外面的にどういうきっかけで書いたかとか演奏記録については該当ページを作っているが、原作についての「読み方」については、共演者と語り合ってきたにすぎない。
ちょうど知り合いのたなか秀郎氏のブログにこの作品(もちろん賢治の原作)についての一文がでた のでそれに対するトラックバックとして、この原作についての自分の見解を以下に書いてみようと思います。
書くという行為は思考を呼び覚まし、実は自分の中で新たな発見がありました。
それ故、「演奏会専門ブログ」と銘打ったこのページに新たに「作曲ノート」としてカテゴリーを一つ増やしました。
結局は昨年作曲した“セロ弾きのゴーシュ”や“注文の多い料理店”についての見解も比較対象として言及することになりますから、記事のタイトルはふさわしくないかも知れません。

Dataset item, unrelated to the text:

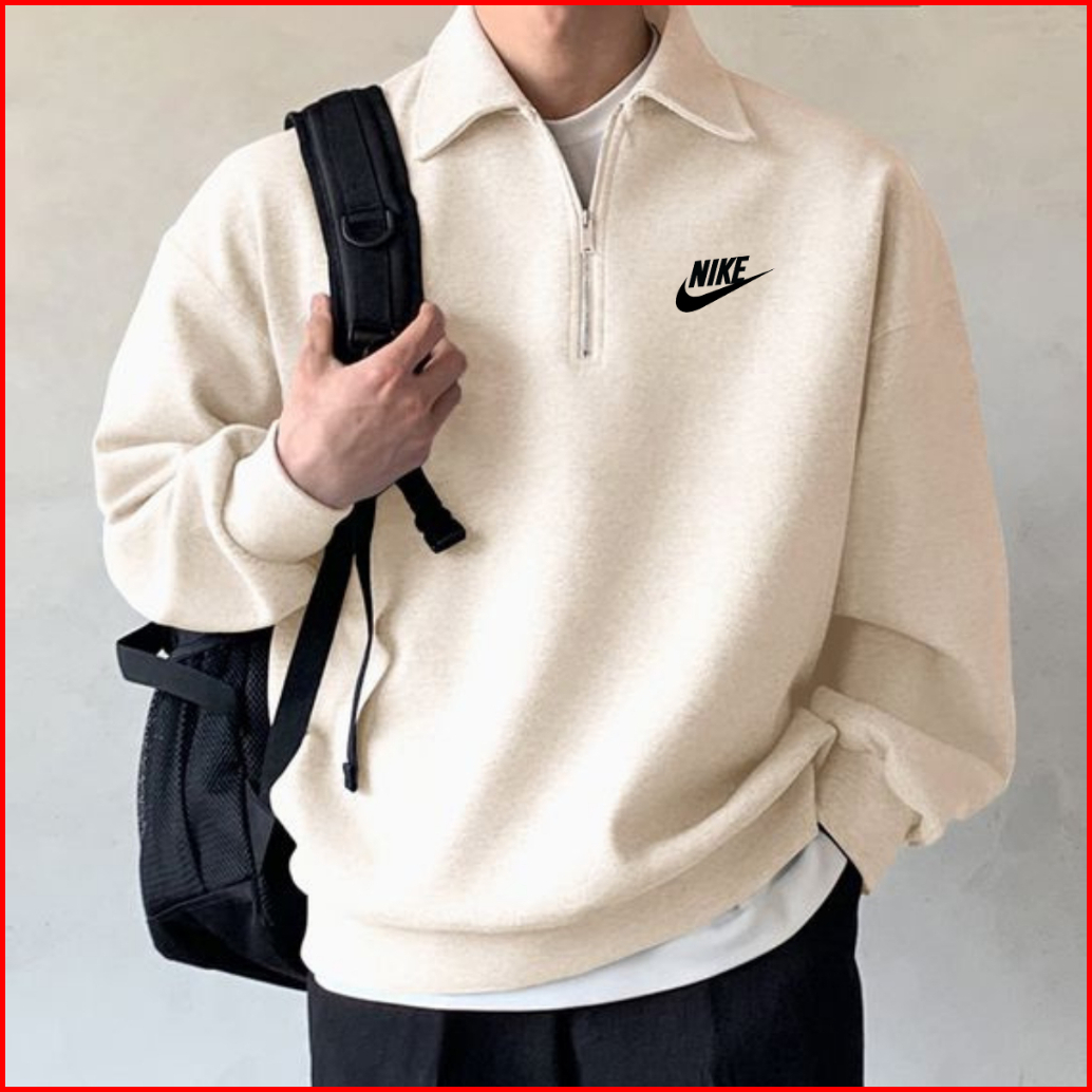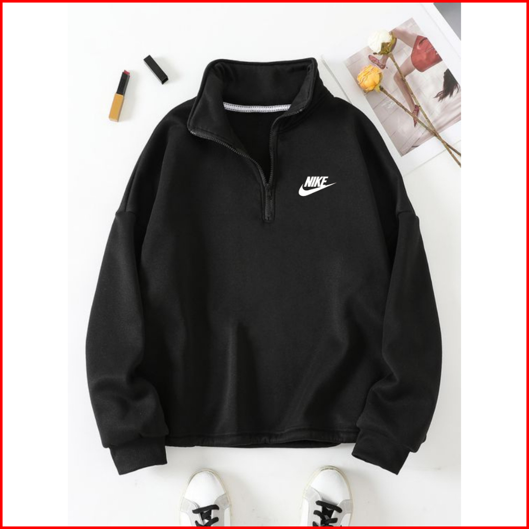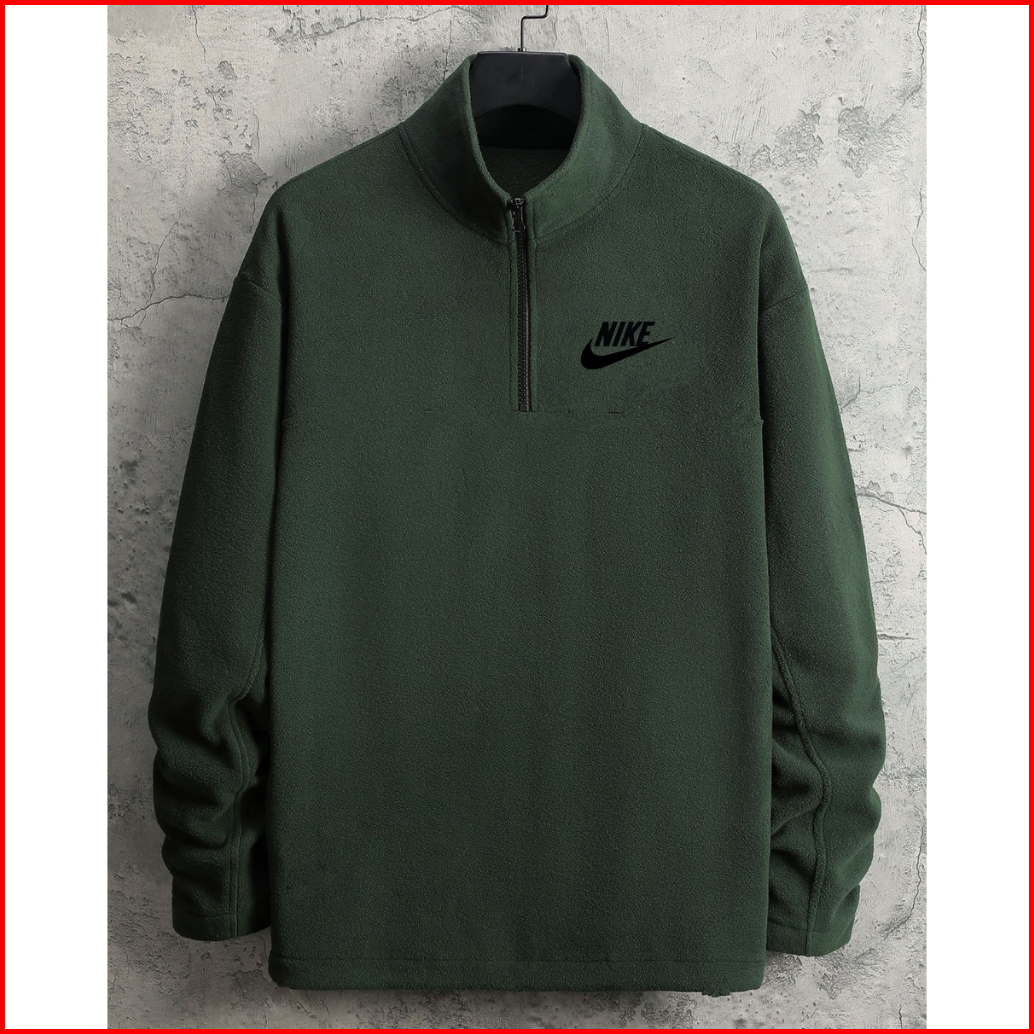 Half Zip Niikke Logo Premium Pria Wanita Bahan Fleece Tebal Kerah Turtleneck Sweater High Neck

この記事については元記事があって触発されて書いたことゆえに、これから書いてあることを読む前に、たなか氏のブログを読んで頂いた方が良いと思われます。
もちろん、それより前に“どんぐりと山猫”、及び“セロ弾きのゴーシュ”や“注文の多い料理店”の原作を読まれることは条件ですがm(_ _)m
最近は著作権も切れているのでネットで検索すると全文参照することができます。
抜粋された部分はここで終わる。